Rick was a character in Out of Control: Kat’s Story. He was the “one who got away.” He was not ready to commit to Kat and that was fine with me because I had the man imagined who would give her the HEA she deserved. But, Rick stayed in my head and in the hearts of many readers. I brought him back to his favorite place this summer determined to have him finally fall in love. As I said, my son gave me the idea for the way Britt would look but her character was inspired by the woman warriors of the Army’s Cultural Support Team I discovered in Gayle Tzemach Lemmon’s book, Ashley’s War.

Of all your characters, which one is your favorite? Why?

I still love Naomi, the heroine in Unanswered Prayers. She is my favorite. I started writing her story over ten years ago. She’s 36 and a single mom. She’s had a messy divorce and while she has a successful career as a writer for Rolling Stone, she has a lot of self-doubt. Naomi’s Jewish and she’s not slim or traditionally pretty. She is not looking for love and is certainly not interested in an aging Country singer on a comeback tour. I love her intelligence, creativity and courage; nothing has been able to destroy her. And she is the perfect match for Sam, an unlucky-in-love Country singer, who is my homage to Garth Brooks. Their love story, set in the summer of 2001, still gets to me.

What was the most challenging aspect of writing your book?

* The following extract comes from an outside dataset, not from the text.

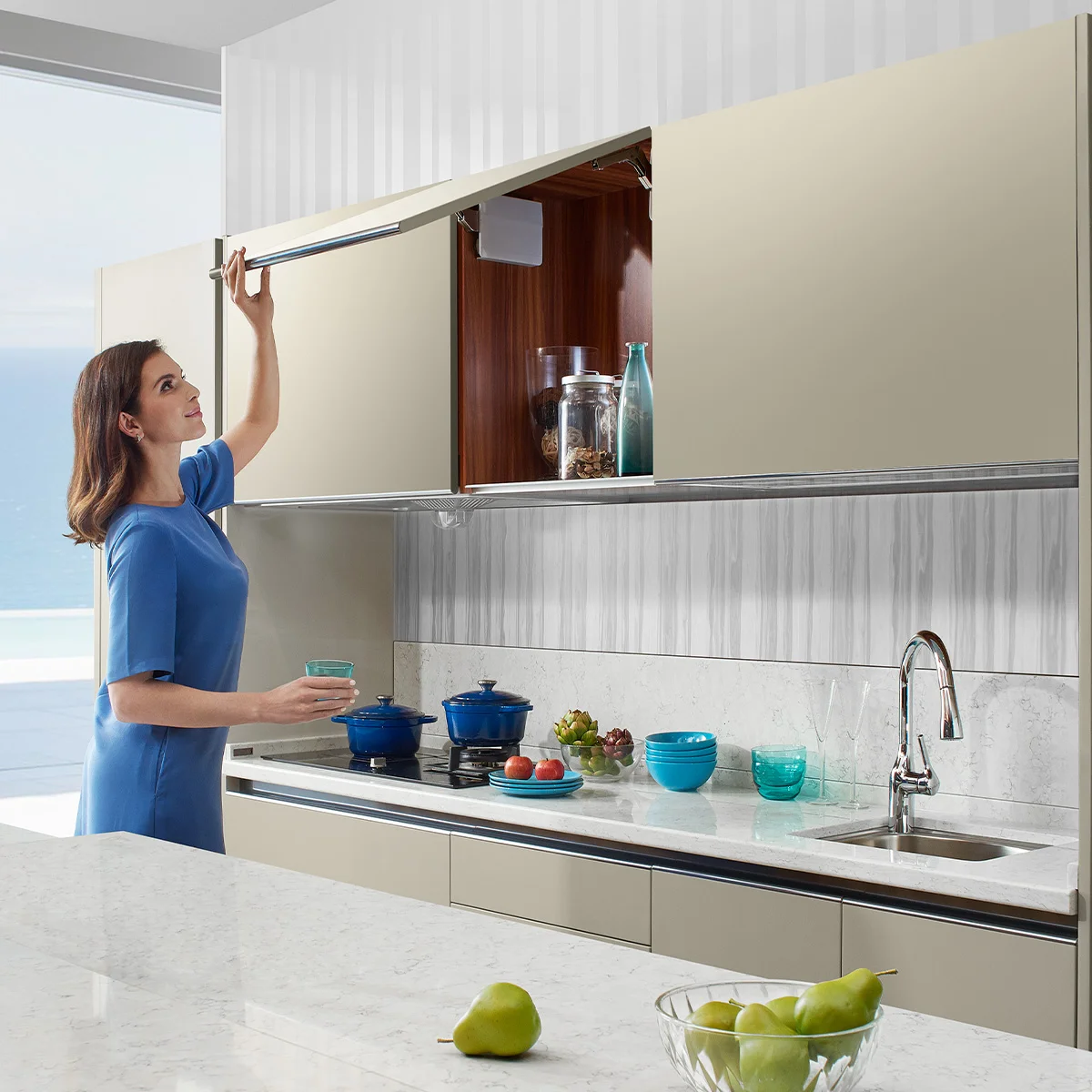 OPM SQ meh.1060-2450push b.+Ni Ugao otvaranja: 107º Širina korpusa: do 1200mm Visina korpusa: od 250 do 600mm Debljina fronta: od 16 do 28mm 3D podešavanje 60000 ciklusa otvaranja/zatvaranja Boja kapice: bela/nikl U kutiji se nalazi i šablon za montažu. Faktor snage se povećava za 50% kada se doda treći mehanizam. * Formula za izračunavanje faktora snage: (visina (m) x širina (m) x težina/m2 (kg)) x visina (mm) Težina okvirno za materijale: iverica - 13kg/m2 mdf - 15kg/m2 staklo u alu ramu - 13kg/m2

The most challenging aspect was finding the right woman for my hero, Rick. I knew him pretty well from the start but I wanted him to change a bit from who he was in Out of Control: Kat’s Story. He had some baggage he had to put down so he could finally open his heart. Britt, my heroine, came to me in bits and pieces. I did a lot of research into women in the military because I knew she had to be a veteran, too. Once she and Rick were in the book together, their relationship developed slowly, but steadily. I still hadn’t decided what would be the pivotal moment. Then I learned about Saratoga WarHorse Foundation, located virtually in my backyard. The Foundation matches retired thoroughbred race horses with veterans suffering from PTSD in a unique program that has helped almost 1000 veterans to date. That program was my answer. I am such a believer in Saratoga WarHorse that I am donating 25% of my proceeds from the sale of Taking Control: Rick’s Story to the Foundation.

What projects are you currently working on?

After two years of research, I have just begun writing Treasure, a novella, that will be the prequel to a three-book Pirate series. I am already in love with this book and I can’t wait to finish it…I love the ending! And I can’t believe how many readers love Pirate romances! I promise the novella will be done by December and I hope the first of the Pirate novels will be finished by June 2019.

And I am in the process of getting my three Barefoot Bay sexy silver fox novellas ready for re-release in September 2018.

What advice would you offer to new or aspiring fiction authors?

Write the story you love. Those stories have the most heart and soul. Then edit, edit and proof. Nothing annoys a reader, editor or agent more than a sloppily written manuscript. And become active in your local romance writers’ organization. Workshops and conferences have taught me so much over the years about craft and marketing.

1 comment:

  1. Hi Morgan. Love the insight to your writing process. Love your books and as always ready for more! Hugs!